In the UK we’ve seen one billionaire after another come to the taxpayer with their hands out, when they are at the same time laying off their staff or retaining them on unpaid leave. In the main, the tory government has responded, and the general aid packages announced so far have all been directed at big business and not at the poor or individual workers or even shopkeepers. Some have even continued to make dividend and bonus payments after receiving specific industry-wide bailouts. This level of greed has appalled people and rightly so — but it also seems to be angering the demographic that would usually support centre-right and right-wing governments. Social media campaigns have been started to organise boycotts, and some companies have been forced by the level of public outrage to change their behaviour. There is growing public demand for a guaranteed universal basic income, not just during the crisis, but from this point forward.
Boris Johnson’s public persona of the ‘loveable clown’ with his dishevelled appearance and de-combed hair is now becoming a liability. He comes across increasingly as incompetent and completely out of his death and uncaring, giving contradictory and conflicting advice, being evidently poorly briefed and prepared, and unable to answer the questions that even the Tory press are posing. The government’s policy has completely reversed in the space of a week, as they realised the full horror of their original plans, and as #BoristheButcher trended on Twitter.

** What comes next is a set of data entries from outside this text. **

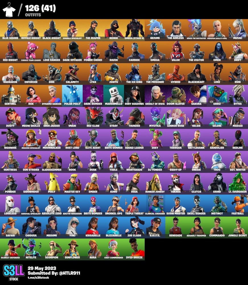 حساب فورت 130 سكن شيطون وايكونك والسيزن الثالث واوميقا ورقصات نادره وبنر الباص اساسي مع الايدي
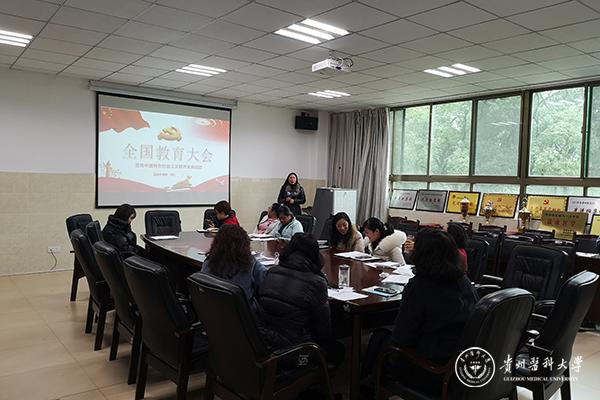 为了全面贯彻落实《贵州省教育厅办公室关于做好全省教育系统学习贯彻全国教育大会精神干部教育培训工作的通知》要求,在学校党委的统一部署下,临床医学院党委高度重视,第一时间组织召开宣传会,临床医学院全体人员及学生代表参加会议。
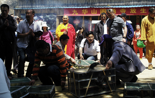2012年农历四月初八,九华山圆通寺放生法会圆满,来自全国各地的信众和放生代表参加了法会。
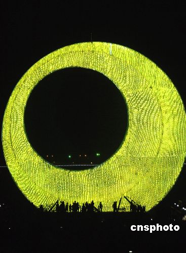 九月二十三日晚,離中國傳統(tǒng)中秋佳節(jié)只剩兩天的時間,大批中外游客紛紛前往廈門園博園觀賞外環(huán)直徑達三十六米的巨型“月光環(huán)”。 中新社發(fā) 王東明 攝
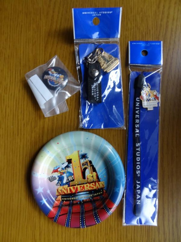ユニバーサルスタジオジャパン「2001年オープニング&1周年ストラップ&ブリキトレイ」「ウッドペッカー缶バッジ」 USJ 4点セット
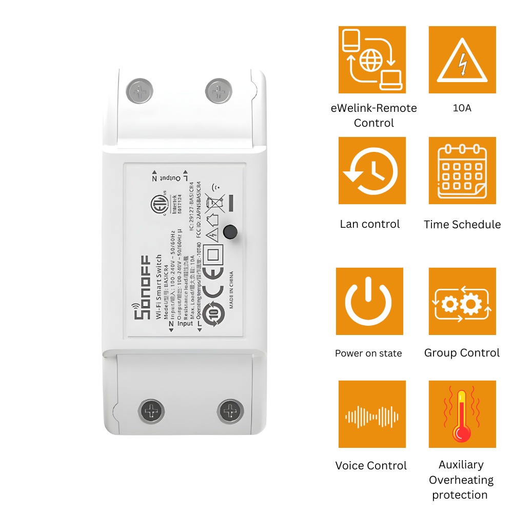 The SONOFF BASICR4 is a compact, 4-channel smart switch that lets you control up to four lights or appliances independently. With Wi-Fi connectivity, eWeLink app support, voice control, and manual wall switch compatibility, it’s ideal for upgrading your home into a smart environment without complicated wiring.
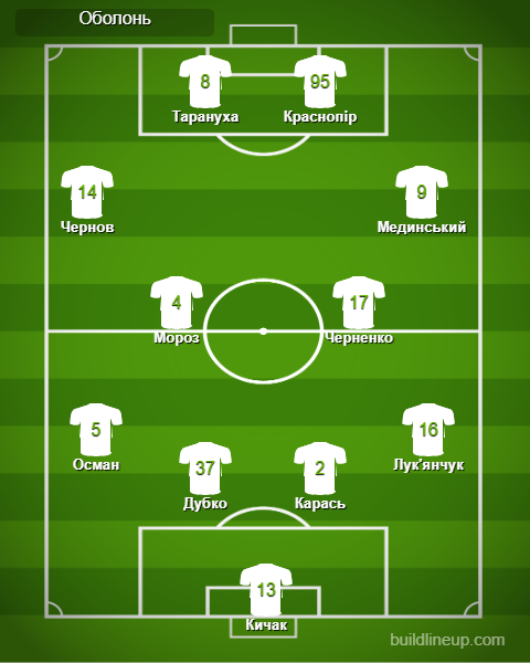 «Оболонь»: Кичак – Осман, Дубко, Карась, Лук'янчук – Черненко, Мединський, Мороз (Косовський, 64), Чернов (Прокопенко, 54, Грисьо, 64) – Тарануха (Вишневський, 64), Краснопір (Суханов, 90).
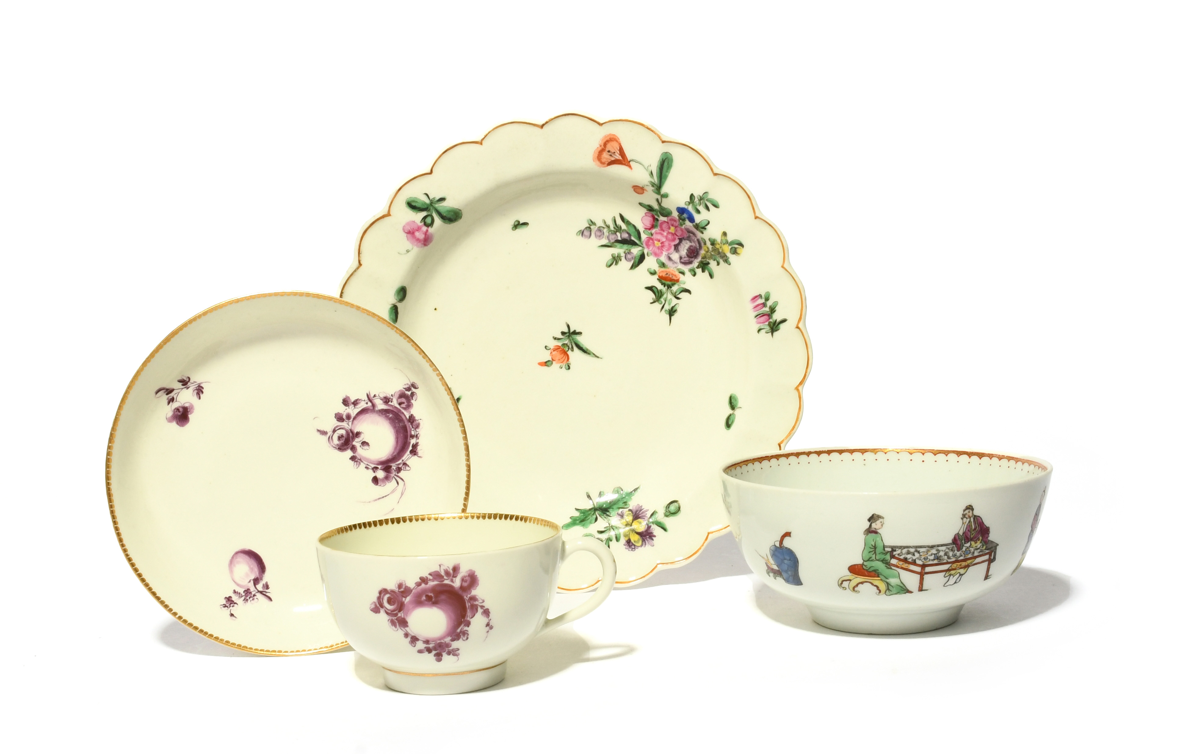 A small Worcester bowl, c.1765-70, printed and coloured with Chinese figures at various pursuits, a Worcester plate painted with sprays of flowers, and a teacup and saucer painted with fruit sprigs in puce monochrome, 19.3cm max. (4)
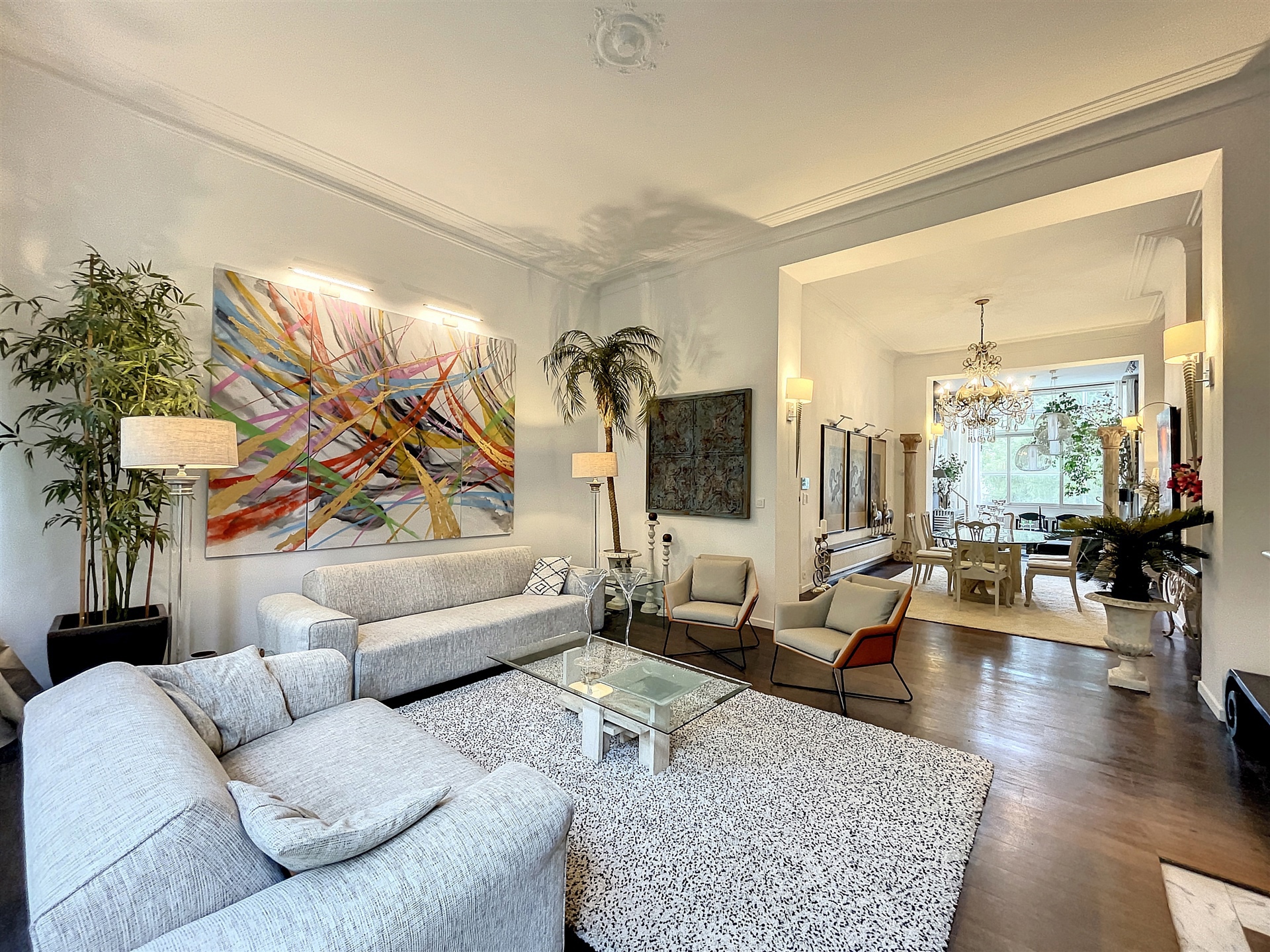 Au cœur du quartier Européen et à proximité immédiate du parc du Cinquantenaire et de toutes ses facilités, somptueux TRIPLEX d’exception de ± 265m² MEUBLÉ avec goût, 4 chambres avec salle de sport. Composition : 1ER : vaste hall d’entrée, magnifique pièce de séjour de ± 70m², cuisine super-équipée de ± 8m². 2E : Hall de nuit, splendide chambre parentale de ± 46m² avec salon privé, grande chambre de ± 20m², belle salle de bains de caractère de ± 7m² avec WC. 3E : Hall de nuit, deux grandes chambres de ± 18m², salle de bains de ± 11m². COMBLE : salle de sport de ± 22m². ENTRESOL : grande buanderie de ± 7,5m² avec WC, machine à laver et séchoir. Détails : mobilier de qualité, meublé avec goût, belle œuvre d’art, hauts plafonds avec moulures, parquet, double vitrage, chaudière à condensation à gaz, vidéophone, disponible immédiatement, PEB D-. Charges : 100 €/mois comprenant l’eau et les communs. Possibilité de louer un emplacement de parking à proximité. Idéalement situé au cœur des institutions européennes et à proximité de toutes facilités : parc du Cinquantenaire, Delhaize, Carrefour Market, Färm, Proxy Delhaize, banques, restaurants... Transports en commun : Métro 1 et 5, Tram 81,39, 44, Bus 27, 36, 80, 61, N06. Annonce et indications non contractuelles, sous réserve de modifications. Info : est @macnash.com – Tel : 02 779 99 99 – ID 7281211
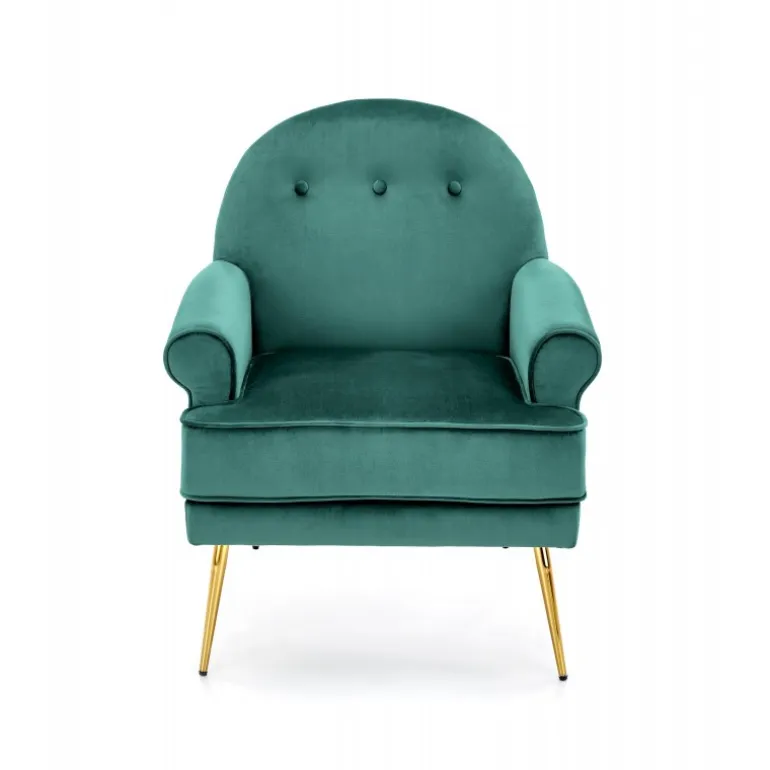 Opdag den elegante SANTI lænestol i mørkegrøn og guld, som kombinerer komfort og luksus i ét møbel. Med det bløde fløjlstof og de stilfulde kromstålben tilføjer denne stol en sofistikeret touch til enhver stue eller læsehjørne. Perfekt til afslapning efter en lang dag, tilbyder SANTI lænestolen både stil og funktionalitet. Dimensionerne på 74/74/88/45 cm gør den ideel til mindre rum, mens den mørkegrønne polstring og guldfarvede ben giver et moderne udtryk. Forbedr dit hjem med denne unikke og komfortable lænestol.
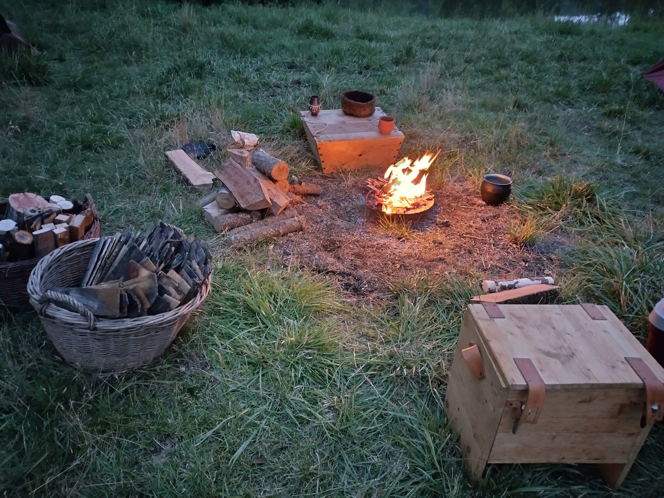 Abends sitzen wir noch gemütlich um die kleine Feuerschale mit dem flackernden Feuerchen und grillen unser Fleisch und die Würschtl. Ein gemütlicher Abend und eine friedliche Nacht am Weiher.
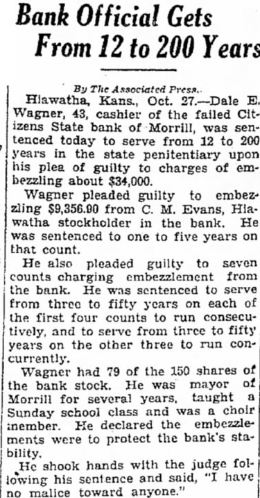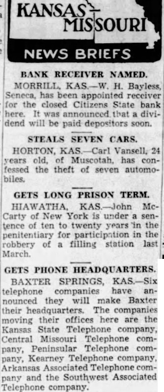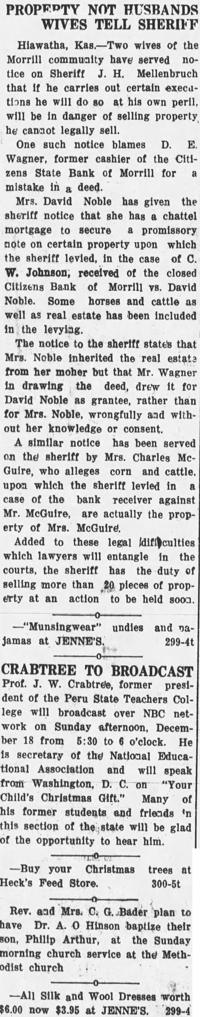 Hiawatha, Kas.-Two wives of the Morrill community have served notice on Sheriff J. H. Mellenbruch that if he carries out certain executions he will do 80 at his own peril, will be in danger of selling property he cannot legally sell. One such notice blames D. E. Wagner, former cashier of the Citizens State Bank of Morrill for a mistake in deed. Mrs. David Noble has given the sheriff notice that she has a chattel mortgage to secure a promissory note on certain property upon which the sheriff levied, in the case of C. W. Johnson, received of the closed Citizens Bank of Morrill VS. David Noble. Some horses and cattle as well as real estate has been included in the levying. The notice to the sheriff states that Mrs. Noble inherited the real estate from her moher but that Mr. Wagner in drawing the deed, drew it for David Noble as grantee, rather than for Mrs. Noble, wrongfully and without her knowledge or consent. A similar notice has been served on the sheriff by Mrs. Charles McGuire, who alleges corn and cattle. upon which the sheriff levied in a case of the bank receiver against Mr. McGuire, are actually the property of Mrs. McGuire. Added to these legal difficulties which lawyers will entangle in the courts, the sheriff has the duty of selling more than 20 pieces of property at an action to be held soon. jamas at JENNE'S
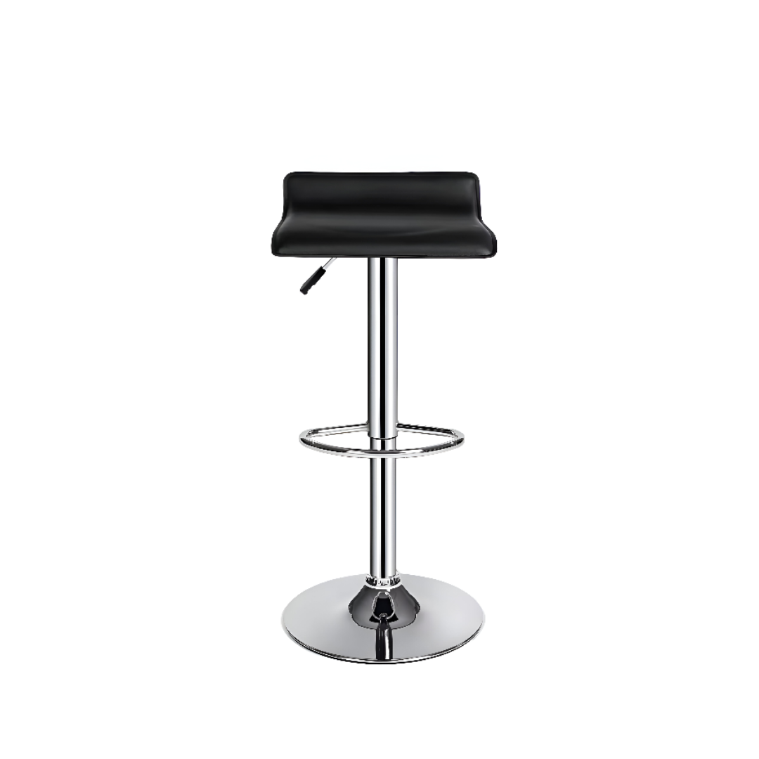 Su asiento acolchado en cuero sintético ofrece una experiencia ergonómica y cómoda incluso durante usos prolongados, mientras que su estructura metálica cromada con base circular y reposapiés integrado garantiza estabilidad, durabilidad y un diseño sofisticado.
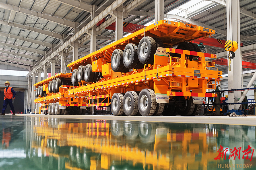 3月13日,嘉禾县高新区,湖南成鑫汽车公司51台四轴自卸半挂车及轻量化半挂车等车型发往非洲及东南亚市场。近年来,该县实施“产业强县”战略,积极开拓海外新兴市场,助力企业扩能升级、产品研发、市场开拓,推动“嘉禾制造”融入国际产业链。 黄春涛 摄(湖南图片库)
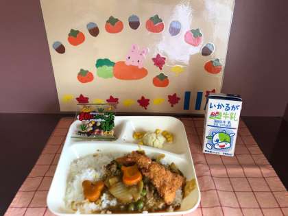 えびフライカレーライスの「にんじん」を「ラッキーミッキー、ラッキープーさん」にしてくれました。
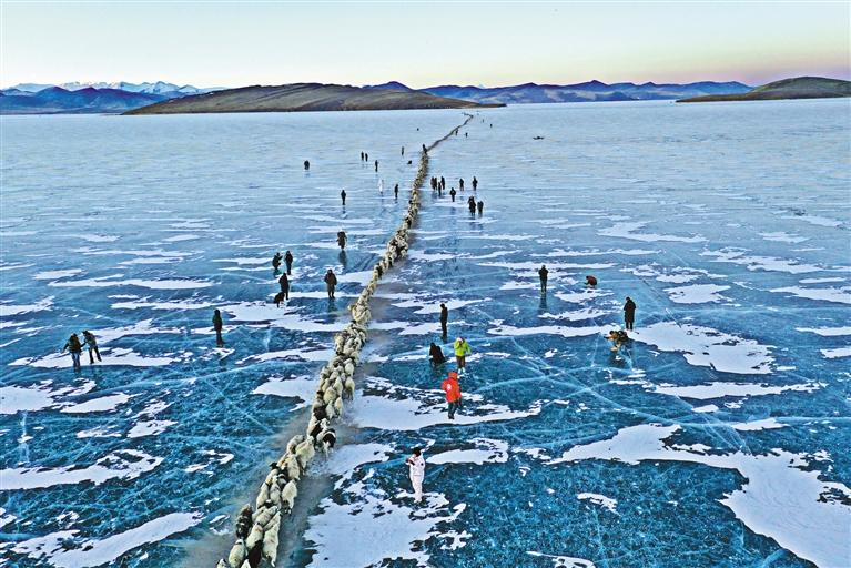 圖為推瓦村冰上牧羊轉(zhuǎn)場(chǎng)現(xiàn)場(chǎng)。記者 潘多 劉楓 攝
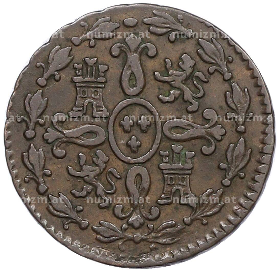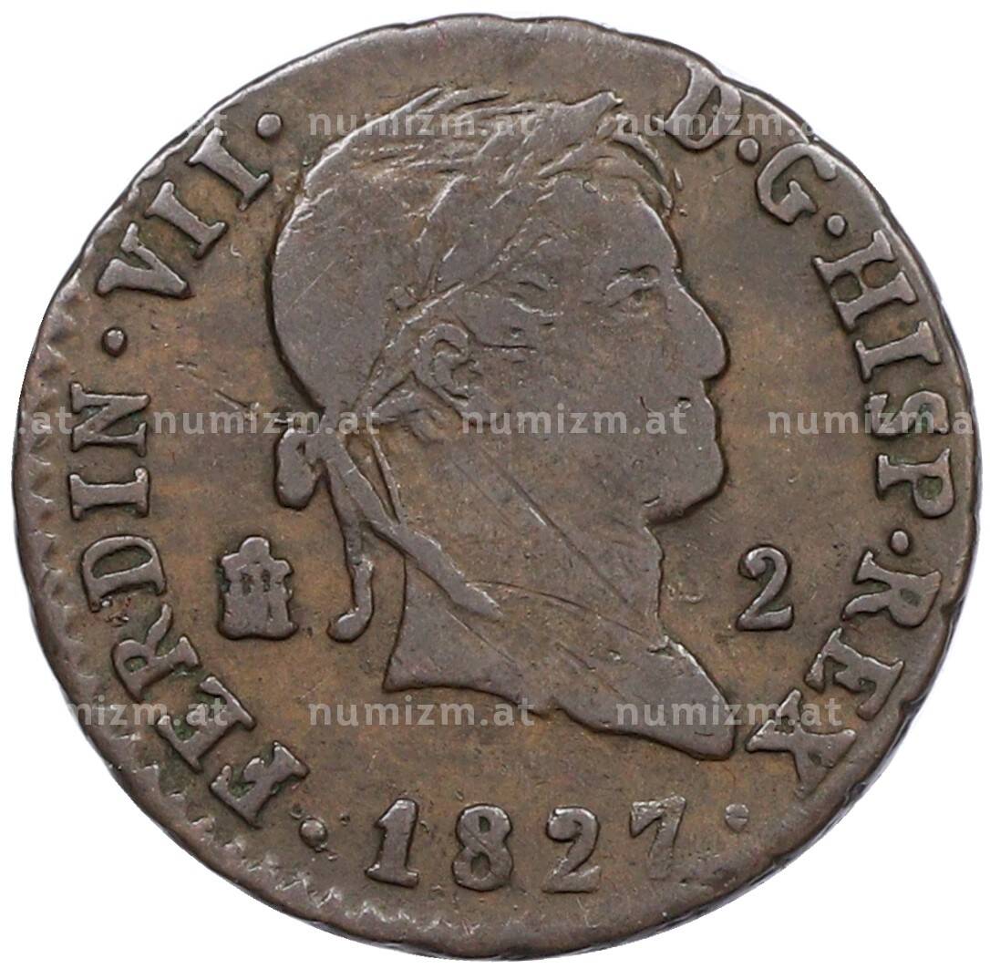 Купить 2 мараведи 1827 года Испания по привлекательной цене можно в нашем интернет-магазине — Вам достаточно оформить заказ на сайте. Все монеты, представленные в каталоге, находятся в наличии на нашем складе.

It now turns out that far from their science-led approach, the latest restrictions on businesses and public gatherings were only instigated when the French Prime Minister Macron threatened to close the British-French border.
Whilst we are supposed to identify with Neville, and as our isolation at home in some respects begins to resemble his, perhaps in these times we should identify more closely with Matthias and his followers. Whilst the plague we face was not created by uncontrolled ‘Frankenstein science’, our inability to properly face and combat it is due to the elitist, neo-liberal and right-wing capitalist economic structures and austerity policies that have degraded our health and social care, and the very nature of our communities. The conceits upon which our capitalist society has been based now lay sprawled across the fountain, as Neville did, exposed as never before. Neville isn’t a superman, he isn’t immortal, and without his gimmicks he is just an ordinary man. The utopia he promised is fake, and the cure he offered doesn’t represent progress or change — and in rejecting it, Matthias refuses to go back to the status quo, acknowledging the inherent evil at its core.